The 60-story Millennium Tower Boston, opening next year, fills the hole left by Filene’s flagship store in Downtown Crossing.David L. Ryan/Globe staff

MILLENNIUM TOWER BOSTON

ADDRESS: 1 Franklin Street

WHO'S IT FOR? Well-heeled gourmets

COMPLETED BY: Summer 2016

HEIGHT: 685 feet

STORIES: 60

UNITS: 442 condos

PRICE RANGE: $2.4 million to $37.5 million

NUMBER SOLD: 380

BONUS: An endless events calendar of food, wine, and "cultural experiences" and the largest gym of any Boston condo building

DESPITE ITS SEEMINGLY IDEAL location between Boston Common and the Financial District and proximity to the Greenway, Downtown Crossing has struggled to find its footing since the closing of the Filene's flagship store in 2006. That could finally end next year, when Millennium Tower Boston opens, filling the hole — literally — that the retailer's departure left behind.

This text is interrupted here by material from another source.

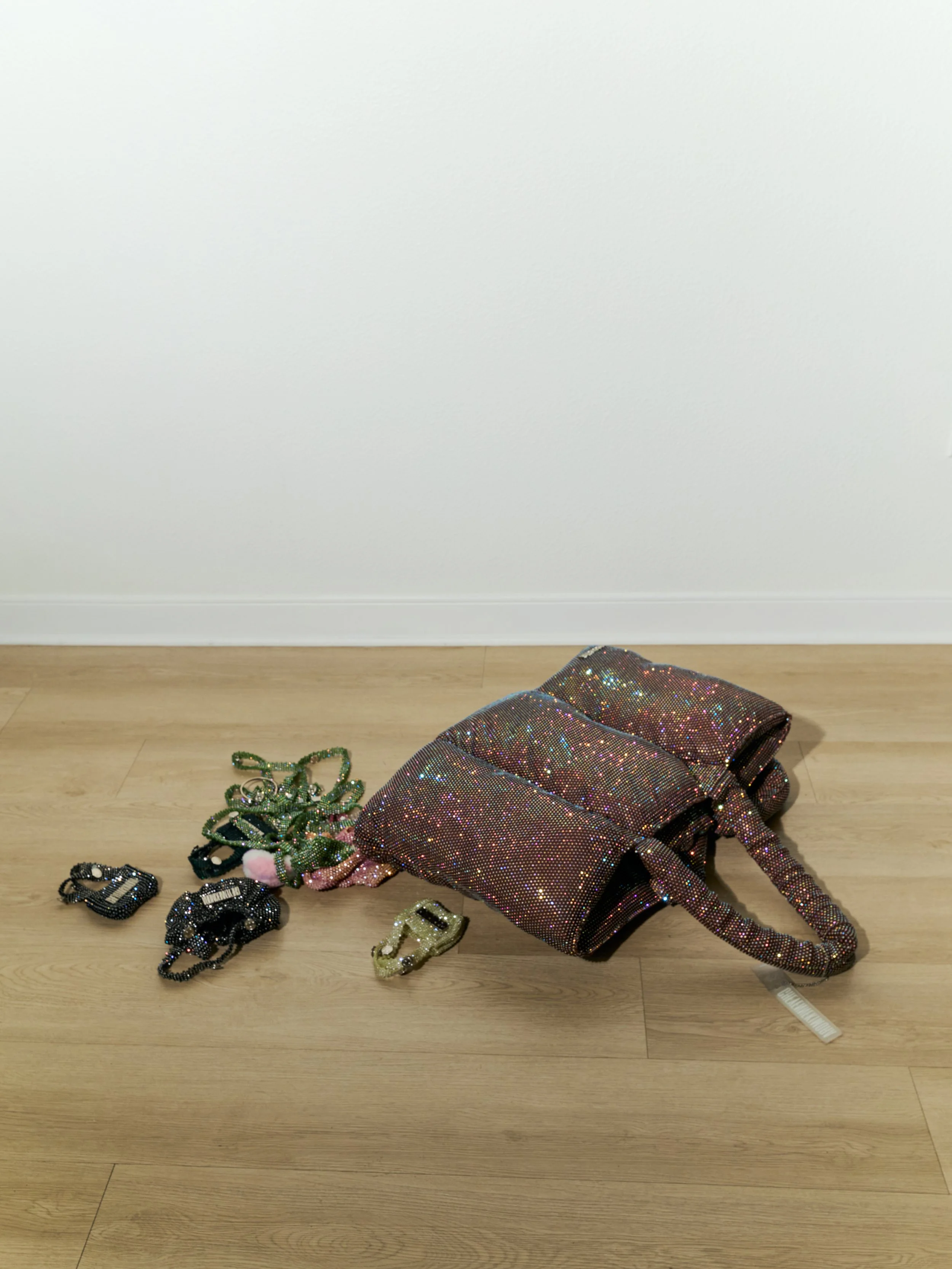 Denim couture is created separately — hand-embellished with individually applied crystals, intended for future gallery presentation. These are not accessories. They are works.

The building's specs are similar to those of San Francisco's Millennium Tower, which Worth magazine named one of the top 10 residential buildings in the world in 2012. One thing that distinguishes Millennium properties is the La Vie program, described as a "social network of curated food, wine, and cultural experiences" meant to make vertical living a little more homey by helping residents get to know one another through on-site lectures and wine tastings as well as field trips to plays, concerts, and special events like Harbor Islands cruises.

That and the 37,000-square-foot Roche Brothers supermarket next door, with its huge prepared-foods section, will help ensure you'd never have to cook again, but the real draw for gastronomes will be the building's alliance with chef Michael Mina, who owns award-winning restaurants across the country. Mina and sushi chef Ken Tominaga are opening an izakaya — a Japanese version of a pub — in the retail space on the tower's lower floors and will offer a private restaurant for residents and their guests every evening on the club level. But don't worry: You'd be able to work off all those extra calories with a private trainer at the 10,000-square-foot gym, the largest in any Boston condo building.

A rendering of the penthouse in Millennium Tower.

Richard Baumert of Millennium Partners is confident of the local market's comfort with New York-esque rates of nearly $3,000 a square foot. "People want beautifully designed buildings and high-level services," he says, "and they want to live in Boston."